[Material for this exercise — start]

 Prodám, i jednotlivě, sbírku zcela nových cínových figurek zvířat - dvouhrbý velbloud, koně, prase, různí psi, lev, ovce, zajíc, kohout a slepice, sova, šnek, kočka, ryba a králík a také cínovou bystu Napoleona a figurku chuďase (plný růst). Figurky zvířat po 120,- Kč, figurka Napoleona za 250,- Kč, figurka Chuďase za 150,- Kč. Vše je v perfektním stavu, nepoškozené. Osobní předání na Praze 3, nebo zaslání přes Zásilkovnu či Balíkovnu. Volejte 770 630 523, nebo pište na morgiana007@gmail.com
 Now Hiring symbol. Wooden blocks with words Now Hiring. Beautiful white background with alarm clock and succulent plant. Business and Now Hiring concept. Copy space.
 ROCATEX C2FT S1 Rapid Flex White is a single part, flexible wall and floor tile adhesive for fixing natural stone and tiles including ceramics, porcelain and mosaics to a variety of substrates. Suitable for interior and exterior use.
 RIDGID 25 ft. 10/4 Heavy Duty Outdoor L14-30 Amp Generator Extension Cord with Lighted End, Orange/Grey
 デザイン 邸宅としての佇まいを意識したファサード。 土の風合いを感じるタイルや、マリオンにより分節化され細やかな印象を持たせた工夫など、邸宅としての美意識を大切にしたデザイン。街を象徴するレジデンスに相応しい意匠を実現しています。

[Material for this exercise — finish]

**Exercise directions:** Only the lines from the one bearing "ROCATEX C2FT S1" through the end of the entries above belong in the answer, each one exactly as given.

**Worked solution:**
 ROCATEX C2FT S1 Rapid Flex White is a single part, flexible wall and floor tile adhesive for fixing natural stone and tiles including ceramics, porcelain and mosaics to a variety of substrates. Suitable for interior and exterior use.
 RIDGID 25 ft. 10/4 Heavy Duty Outdoor L14-30 Amp Generator Extension Cord with Lighted End, Orange/Grey
 デザイン 邸宅としての佇まいを意識したファサード。 土の風合いを感じるタイルや、マリオンにより分節化され細やかな印象を持たせた工夫など、邸宅としての美意識を大切にしたデザイン。街を象徴するレジデンスに相応しい意匠を実現しています。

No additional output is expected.